Его расторопная внучка заканчивала убирать со стола и мыть посуду.

Потом она сполоснула руки под умывальником, вытерла их полотенцем и вошла в свою комнату. Ирина обняла за плечи деда и задала старику, мучавший её, вопрос:

– Почему мы, дедушка, с тобой такие вот несчастные? Почему у нас всё не так, как у людей?

Прозоров оторвался от бумаг, отодвинул папку в сторону. Он внимательно посмотрел на Ирину:

– А где ты видела, Ирка, счастливых людей? В каком таком кино ты их наблюдала? В матушке природе их не существует.

Она широко улыбнулась. Истинная красавица, таких, как она, днём с огнём не сыщешь, не встретишь ни каких самых крутых и продуманных подиумах.

– Не верю я тебе, дед Архип, – просто сказала она.– Есть люди, у которых всё в жизни гладко и чётко, даже денег они не считают. Всё у них имеется.

– Они – такие же люди. Только побогаче нас с тобой, а так же ведь и страдают, и болеют, и умирают… Хороший достаток, чего там лукавить, ни одному человеку не помешал бы. Но ведь большие деньги не делают ни одного человека счастливым. Наоборот. Головная боль.

Она подсела рядом с дедом, старик погладил широкой ладонью внучку по чёрным густым локонам. Архип Филиппович тихо сказал:

– В общем-то, доволен я тобой. С другими парнями и девицами тебя не сравнить. Ты у меня… положительная. В твои-то годы местные малолетки и пьют, и курят, и чёрт знает, чем занимаются… непристойностями всякими.

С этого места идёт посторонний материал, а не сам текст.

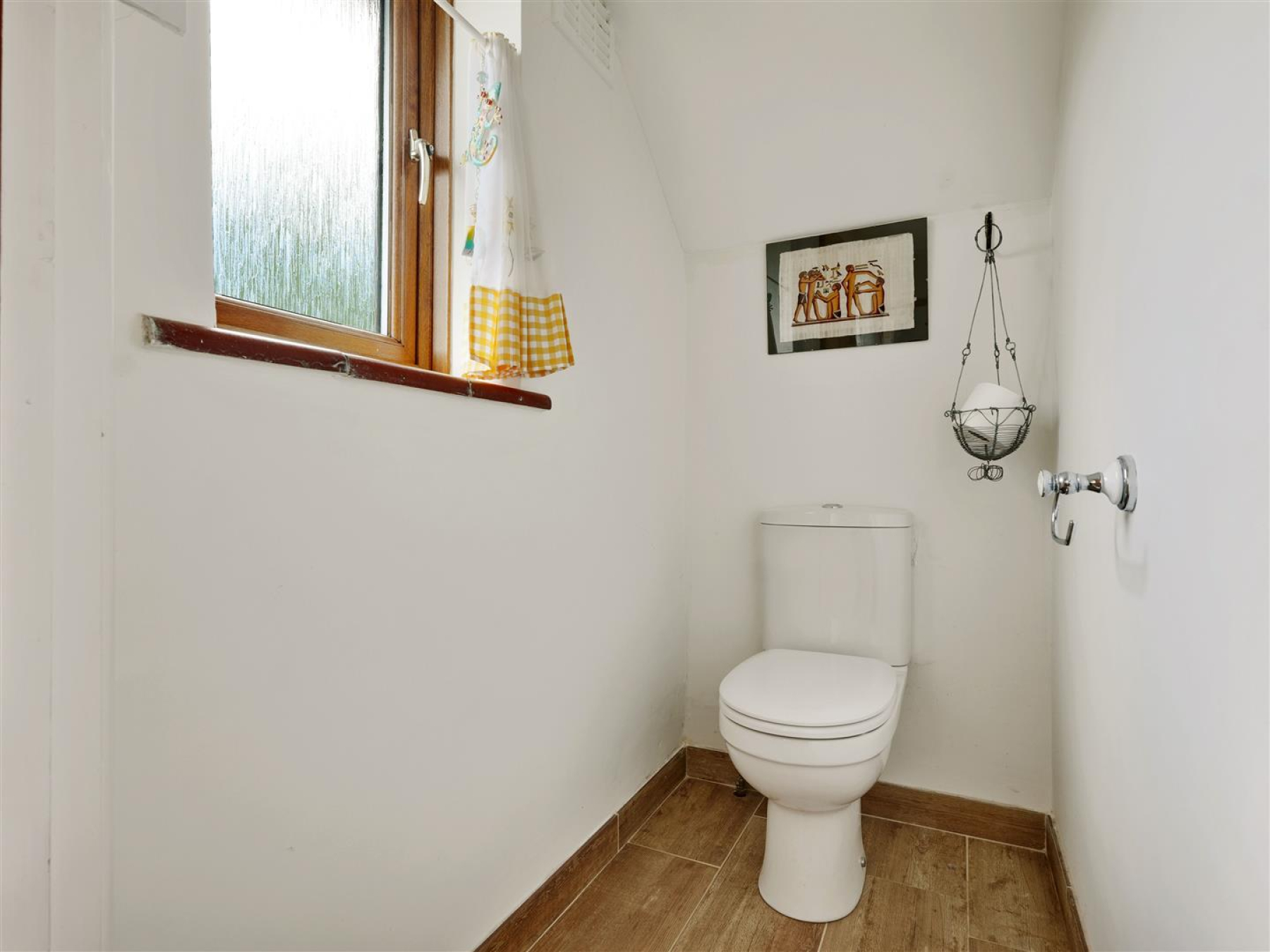 The first floor offers two well-proportioned double bedrooms, both with fitted wardrobes. They are served by a family bathroom and a separate WC, with the landing including a useful built-in storage cupboard.

– Может быть, и я такая была бы, как и они. Но мне, почему-то, с ними, оторванными, скучно находиться в одной компании, да и общаться я с ними не могу. Неинтересно. Так ты правду, дедушка, считаешь, что я вся такая… хорошая.

– Чего-то в тебе хорошего? Школу не закончила. Потом ещё и хулиганством занимаешься. Ни с кем не общаешься. Ничего такого особенно в тебе прекрасного не вижу. Но люблю. Ты ведь моя внучка.

– Я, конечно, из своей жизни многое что помню. Пьяные лица, иногда и драки… Но ты скажи мне… Правда, что моя мама была очень плохой женщиной?

Вопрос был очень прямой, и уйти от него у Прозорова не имелось возможности. Промолчать нельзя, а сказать не правду он не мог. Старик не умел лгать, да и не хотел. А если бы когда-нибудь в жизни и попытался бы соврать, то у него ничего бы не получилось.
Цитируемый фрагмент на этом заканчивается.